## REQUIRED ACTION
Below this sentence is a listing; return exactly its lines from the one with "Contemporary Arts Center" to the one with "Cough Drops, Sugar-Free, Black", both kept, and nothing more.

==== DATASET EXTRACT

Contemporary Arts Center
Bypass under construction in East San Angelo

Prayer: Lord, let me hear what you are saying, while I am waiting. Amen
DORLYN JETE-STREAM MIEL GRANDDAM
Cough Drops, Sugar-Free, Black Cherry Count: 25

========
==== DATASET EXTRACT

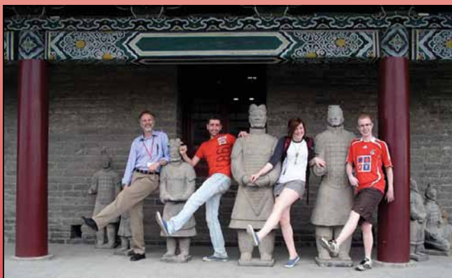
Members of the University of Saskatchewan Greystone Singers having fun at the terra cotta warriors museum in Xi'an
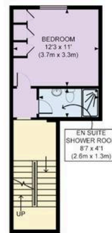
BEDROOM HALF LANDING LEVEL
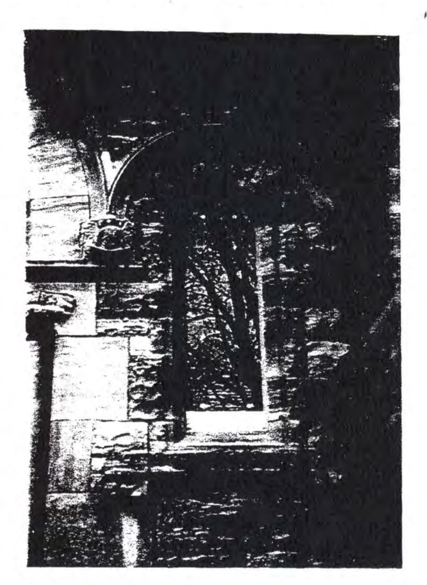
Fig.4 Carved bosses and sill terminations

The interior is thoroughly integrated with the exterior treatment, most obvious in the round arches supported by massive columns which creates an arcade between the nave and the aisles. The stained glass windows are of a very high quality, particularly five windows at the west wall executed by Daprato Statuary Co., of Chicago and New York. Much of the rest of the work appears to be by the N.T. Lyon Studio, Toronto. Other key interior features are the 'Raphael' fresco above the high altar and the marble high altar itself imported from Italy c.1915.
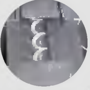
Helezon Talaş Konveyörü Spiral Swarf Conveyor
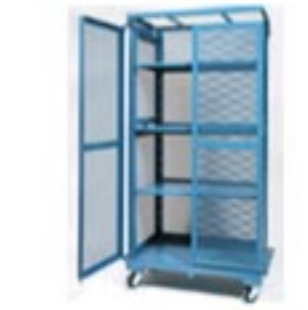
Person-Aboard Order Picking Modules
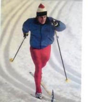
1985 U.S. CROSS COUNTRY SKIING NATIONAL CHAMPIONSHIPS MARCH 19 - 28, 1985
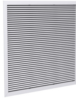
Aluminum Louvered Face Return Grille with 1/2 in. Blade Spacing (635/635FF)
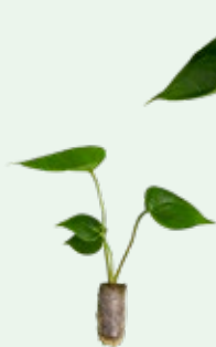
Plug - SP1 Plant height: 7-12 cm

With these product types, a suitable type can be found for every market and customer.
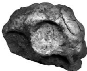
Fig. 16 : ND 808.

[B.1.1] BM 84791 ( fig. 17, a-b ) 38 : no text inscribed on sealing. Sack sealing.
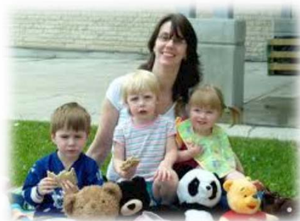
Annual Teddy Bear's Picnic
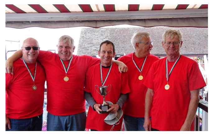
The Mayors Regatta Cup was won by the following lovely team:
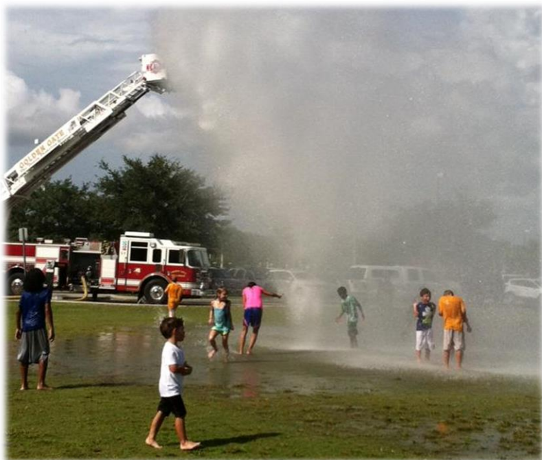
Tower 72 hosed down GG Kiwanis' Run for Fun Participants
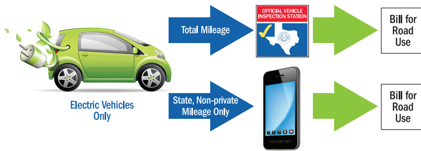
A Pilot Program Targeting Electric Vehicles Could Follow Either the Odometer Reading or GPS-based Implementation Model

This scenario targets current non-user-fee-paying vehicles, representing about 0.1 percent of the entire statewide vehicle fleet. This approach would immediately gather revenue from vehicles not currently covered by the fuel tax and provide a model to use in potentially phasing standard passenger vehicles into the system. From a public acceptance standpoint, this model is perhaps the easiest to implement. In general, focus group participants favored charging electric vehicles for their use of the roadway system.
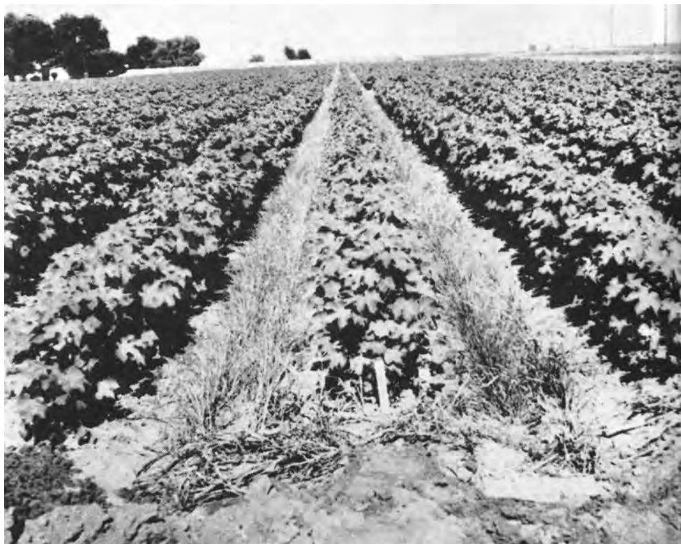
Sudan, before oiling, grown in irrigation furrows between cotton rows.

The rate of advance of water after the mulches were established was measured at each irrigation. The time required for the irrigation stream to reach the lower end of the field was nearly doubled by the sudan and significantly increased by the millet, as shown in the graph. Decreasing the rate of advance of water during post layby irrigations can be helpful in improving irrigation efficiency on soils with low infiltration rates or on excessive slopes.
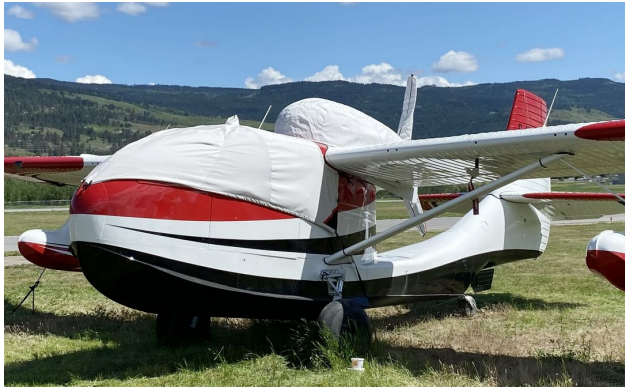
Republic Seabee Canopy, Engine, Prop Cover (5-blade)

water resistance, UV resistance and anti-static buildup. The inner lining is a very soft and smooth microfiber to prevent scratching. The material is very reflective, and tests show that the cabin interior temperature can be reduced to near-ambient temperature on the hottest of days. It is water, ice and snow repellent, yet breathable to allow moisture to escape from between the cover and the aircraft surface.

========

## RESPONSE AREA
Contemporary Arts Center
Bypass under construction in East San Angelo

Prayer: Lord, let me hear what you are saying, while I am waiting. Amen
DORLYN JETE-STREAM MIEL GRANDDAM
Cough Drops, Sugar-Free, Black Cherry Count: 25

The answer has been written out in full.